Items from a dataset

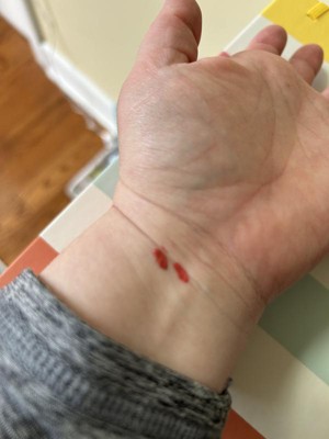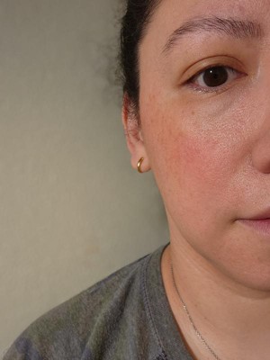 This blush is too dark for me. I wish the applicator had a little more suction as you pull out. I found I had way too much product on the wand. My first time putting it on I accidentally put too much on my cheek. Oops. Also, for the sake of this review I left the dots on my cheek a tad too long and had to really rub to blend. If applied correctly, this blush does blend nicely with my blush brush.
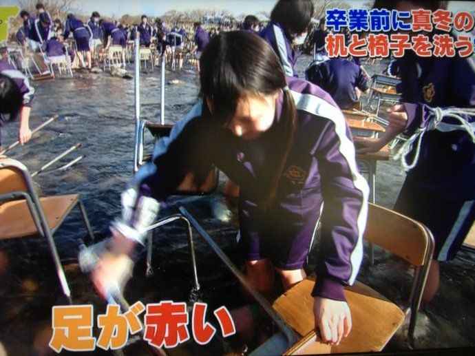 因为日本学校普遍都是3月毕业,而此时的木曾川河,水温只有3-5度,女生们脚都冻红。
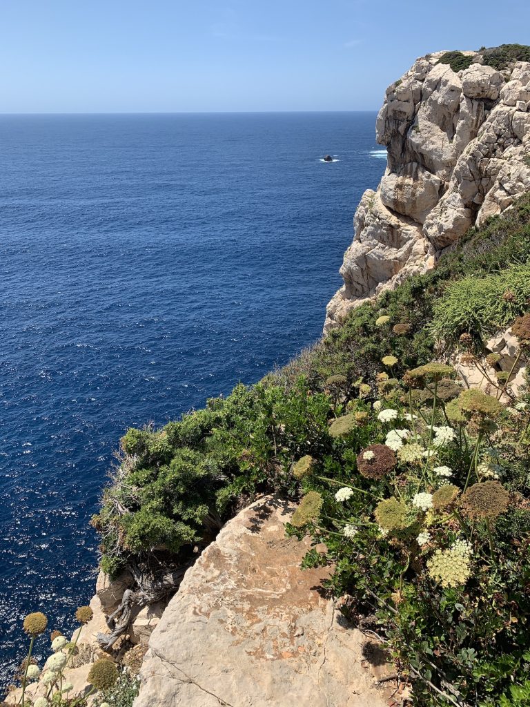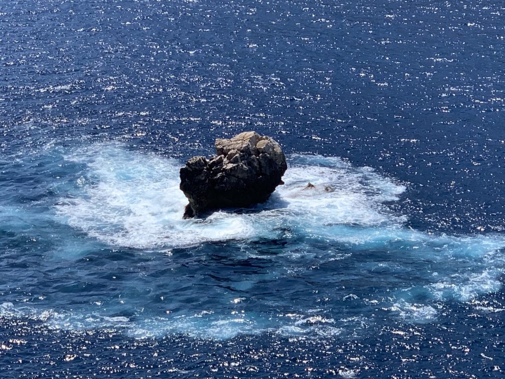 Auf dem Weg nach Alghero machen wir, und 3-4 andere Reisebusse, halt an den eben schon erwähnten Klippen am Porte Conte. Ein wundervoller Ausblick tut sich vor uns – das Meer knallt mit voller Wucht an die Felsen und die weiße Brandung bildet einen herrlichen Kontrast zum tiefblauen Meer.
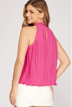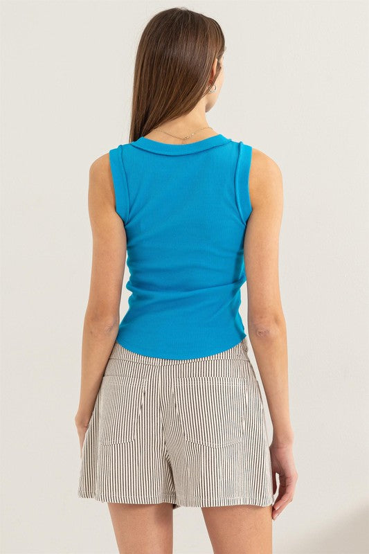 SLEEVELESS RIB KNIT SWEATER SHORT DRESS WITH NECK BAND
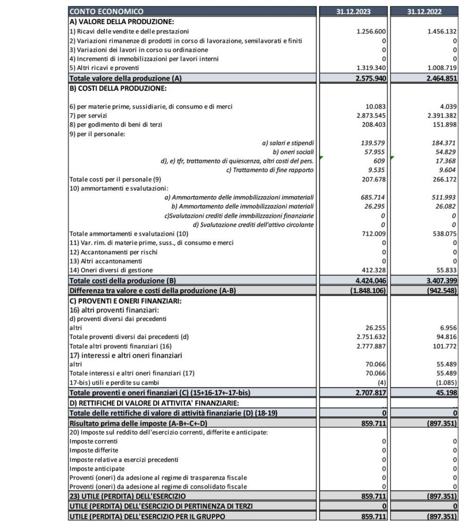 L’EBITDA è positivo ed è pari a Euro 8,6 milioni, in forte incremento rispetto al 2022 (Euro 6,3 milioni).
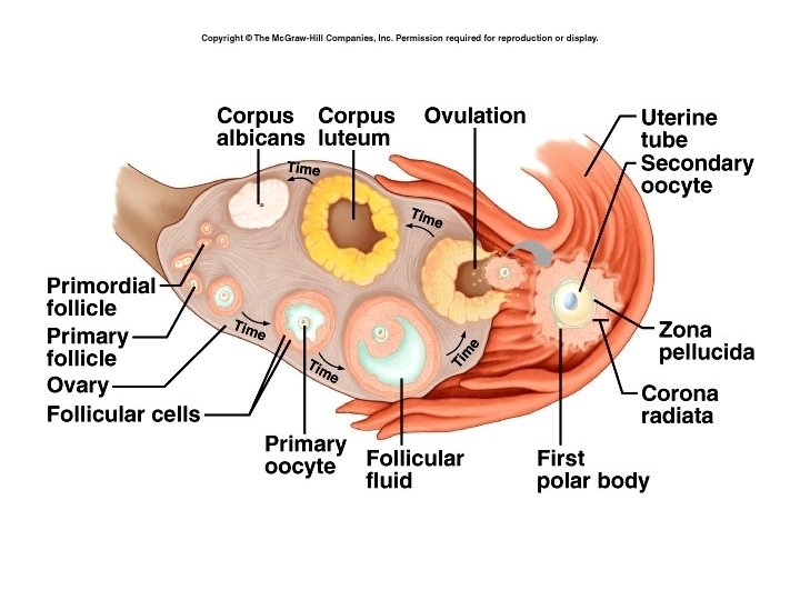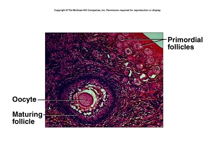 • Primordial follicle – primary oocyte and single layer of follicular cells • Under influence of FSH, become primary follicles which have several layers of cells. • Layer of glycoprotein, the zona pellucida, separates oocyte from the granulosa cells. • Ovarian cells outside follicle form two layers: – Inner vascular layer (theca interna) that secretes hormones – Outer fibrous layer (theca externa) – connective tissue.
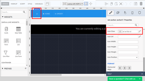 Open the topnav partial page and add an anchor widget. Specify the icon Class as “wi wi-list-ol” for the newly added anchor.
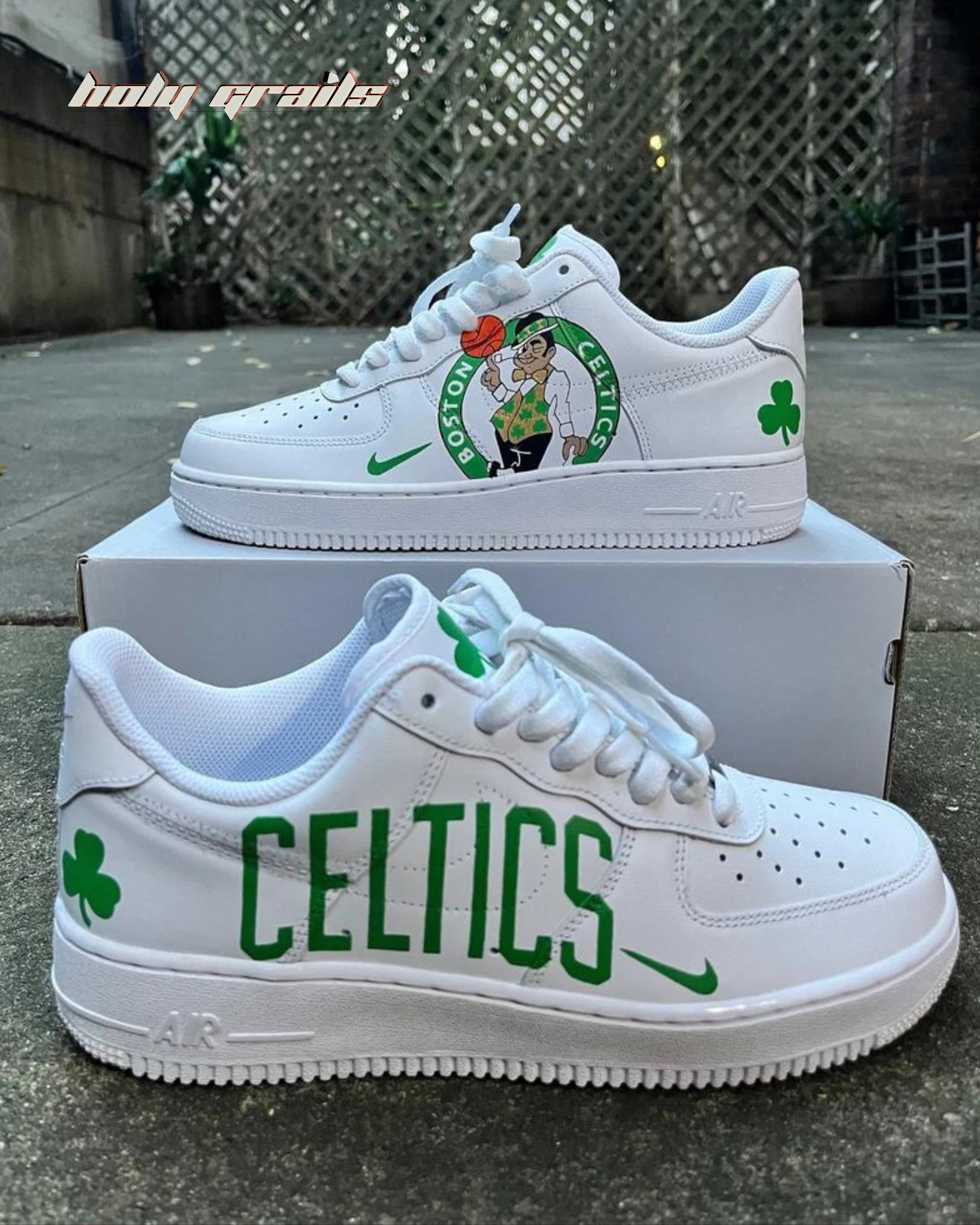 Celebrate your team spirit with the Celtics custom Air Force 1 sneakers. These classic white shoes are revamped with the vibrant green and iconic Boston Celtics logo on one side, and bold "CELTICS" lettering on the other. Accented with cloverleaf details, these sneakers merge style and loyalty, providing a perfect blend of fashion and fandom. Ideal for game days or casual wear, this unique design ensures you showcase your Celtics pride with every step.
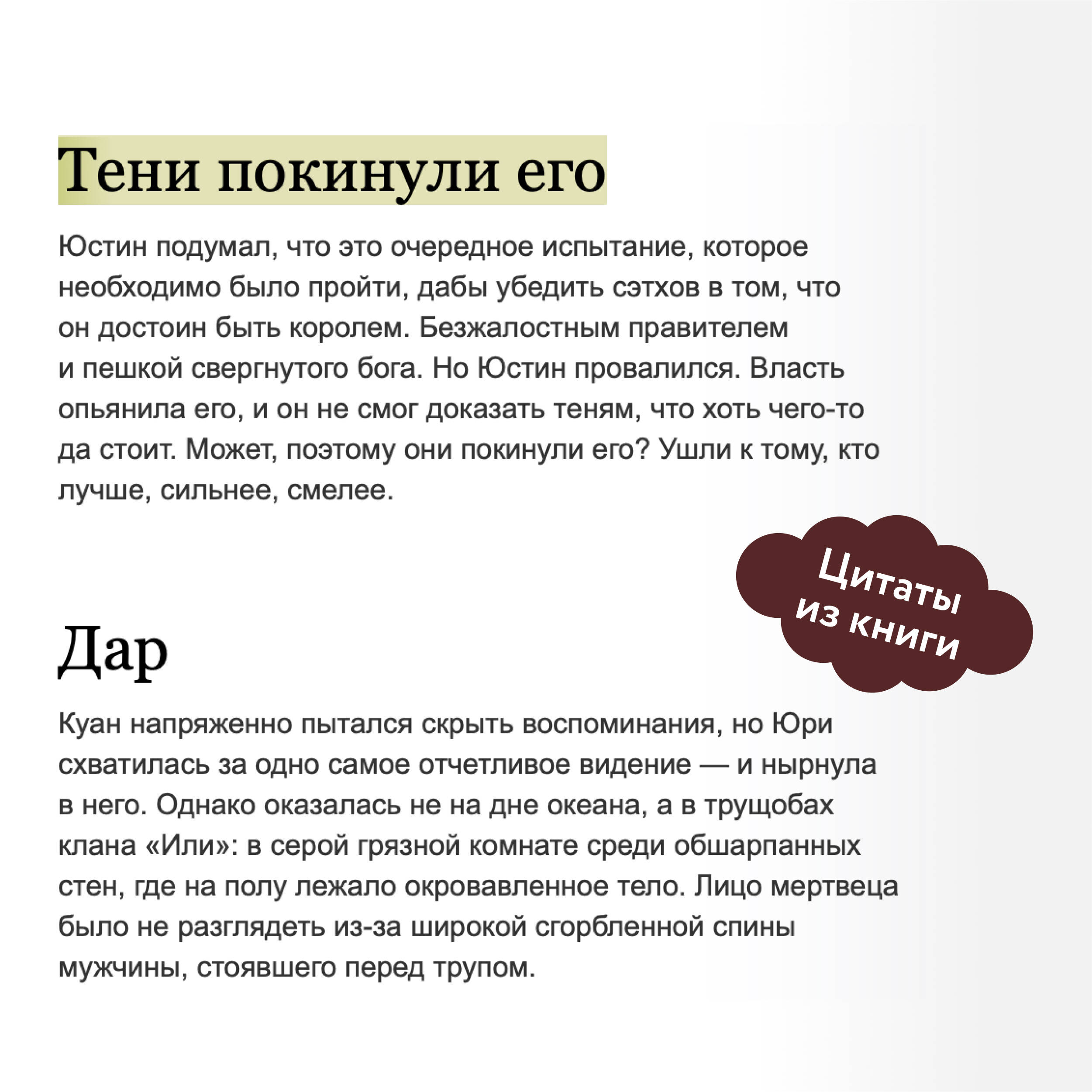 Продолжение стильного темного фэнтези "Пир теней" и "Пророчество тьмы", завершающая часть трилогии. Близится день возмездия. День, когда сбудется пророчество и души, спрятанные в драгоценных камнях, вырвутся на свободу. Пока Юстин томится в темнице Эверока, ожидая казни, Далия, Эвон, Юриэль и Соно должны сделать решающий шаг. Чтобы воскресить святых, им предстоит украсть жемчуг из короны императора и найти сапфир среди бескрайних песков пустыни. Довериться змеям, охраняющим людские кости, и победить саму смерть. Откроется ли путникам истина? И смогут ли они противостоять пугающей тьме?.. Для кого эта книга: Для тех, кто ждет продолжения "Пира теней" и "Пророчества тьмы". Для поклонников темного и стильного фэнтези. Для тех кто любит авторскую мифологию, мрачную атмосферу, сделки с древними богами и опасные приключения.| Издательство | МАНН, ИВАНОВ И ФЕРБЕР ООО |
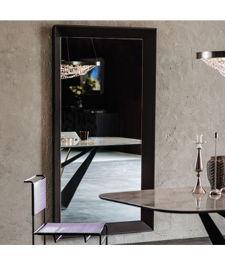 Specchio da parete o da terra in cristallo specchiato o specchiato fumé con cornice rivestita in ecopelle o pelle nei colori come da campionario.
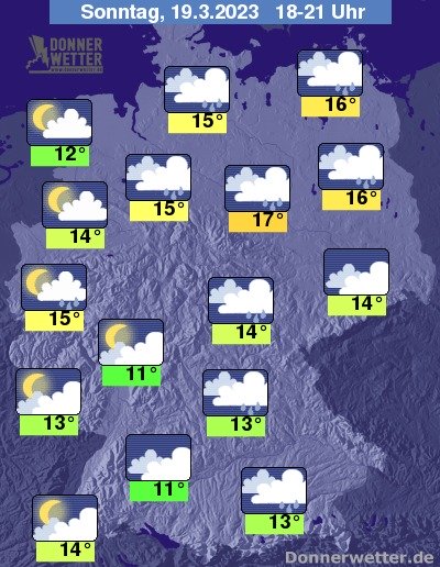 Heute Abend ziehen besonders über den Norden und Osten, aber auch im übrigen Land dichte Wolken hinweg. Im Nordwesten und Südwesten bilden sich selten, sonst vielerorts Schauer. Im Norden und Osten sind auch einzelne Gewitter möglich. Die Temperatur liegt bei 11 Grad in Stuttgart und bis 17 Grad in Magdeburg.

## What to do
Although pictures appear among the entries, please set down only the lines from the one with "L’EBITDA è positivo" up to and including the one with "Open the topnav", word for word.

## Response box
 L’EBITDA è positivo ed è pari a Euro 8,6 milioni, in forte incremento rispetto al 2022 (Euro 6,3 milioni).
 • Primordial follicle – primary oocyte and single layer of follicular cells • Under influence of FSH, become primary follicles which have several layers of cells. • Layer of glycoprotein, the zona pellucida, separates oocyte from the granulosa cells. • Ovarian cells outside follicle form two layers: – Inner vascular layer (theca interna) that secretes hormones – Outer fibrous layer (theca externa) – connective tissue.
 Open the topnav partial page and add an anchor widget. Specify the icon Class as “wi wi-list-ol” for the newly added anchor.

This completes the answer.